Scandrett Professor of Cardiology, University of Sydney

Personal details
- Born: David Stephen Celermajer 8 December 1961 (age 64)

= David Celermajer =

Australian cardiologist

David Stephen Celermajer (born 8 December 1961) is an Australian cardiologist and the Scandrett Professor of Cardiology at the University of Sydney.

==Early life and education==
Celermajer is the son of John and Tina Celermajer, both Polish Jews who survived the Holocaust. When he was eleven Celermajer won a scholarship to Sydney Grammar School. He went on to win the World Universities Debating Championship, on two occasions. He graduated from the University of Sydney with a medical degree in 1983 (first in class, University Medal), and won a Rhodes Scholarship that same year. He has a PhD in children's heart disease from the University of London, which he received in 1993, and a higher-doctorate D.Sc. from the University of Sydney.

==Career==
In 2003 Celermajer was appointed the Clinical Director of the Heart Research Institute. He is the Scandrett Professor of Cardiology at the University of Sydney and Head of the Department of Cardiology at Royal Prince Alfred Hospital. He has authored over 680 publications with more than 80,000 citations and has received numerous national and international awards for his contributions to cardiology and clinical research.

==Research==
In 1996 Celermajer published a study showing that exposure to secondhand smoke was associated with "dose-related impairment of endothelium-dependent dilatation" in the arteries of healthy young adults. Celermajer's current research focuses on congenital heart disease, atherosclerosis, and pulmonary vascular disease, spanning basic, clinical, and public health domains.

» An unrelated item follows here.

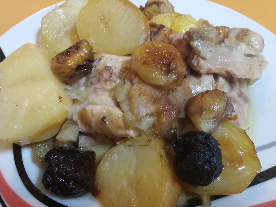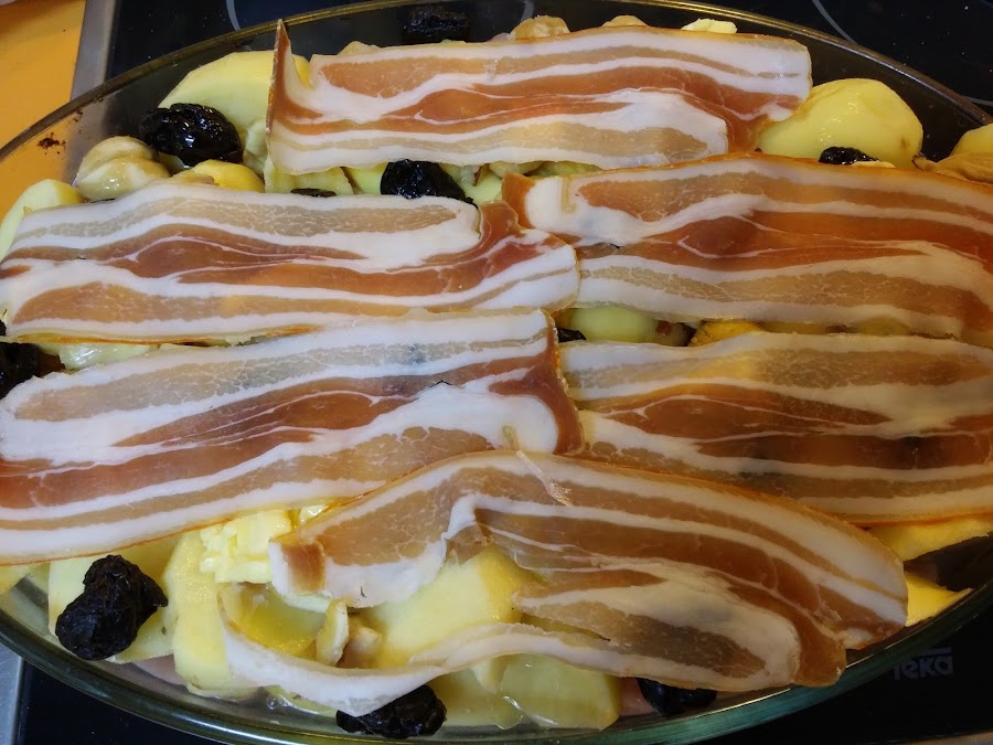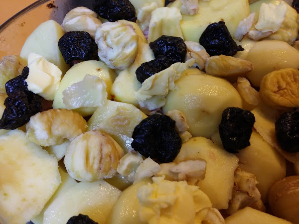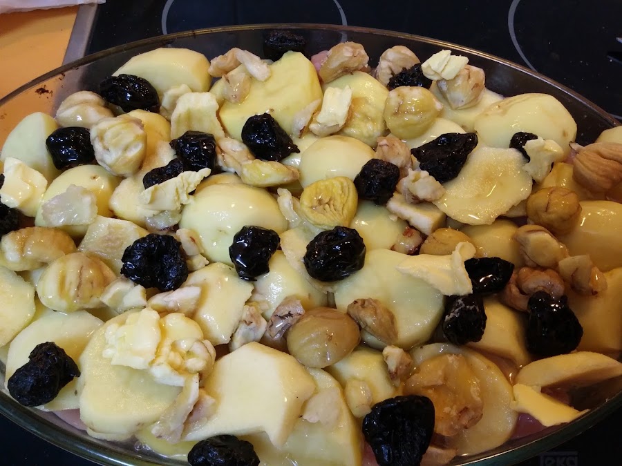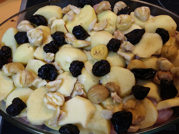 Ahora las ciruelas y las castañas. Y ponemos unos trocitos de mantequilla por encima.

He led the creation of the world's largest national congenital heart disease registry, has co-authored national and international guidelines, and has contributed to several medical innovations, including novel heart failure devices. His work has significantly influenced clinical practice and health policy in cardiovascular medicine, worldwide.

==Honors and awards==
In 2002 Celermajer was awarded the Commonwealth Health Minister's Award for Excellence in Health and Medical Research, and in 2006, he was elected a fellow of the Australian Academy of Science. In 2014, he was named an Officer of the Order of Australia for his "distinguished service to medicine in the field of cardiology, as a clinician and researcher, to improved medical diagnostic methods, and to the promotion of heart health, particularly in children and young adults." In 2018 he was elected Fellow of the Australian Academy of Health and Medical Sciences.

==Personal life==
Celermajer is married to Noirin Celermajer, whom he met at Royal Prince Alfred Hospital when they were both trainees there. They have 3 adult children and 3 grandchildren.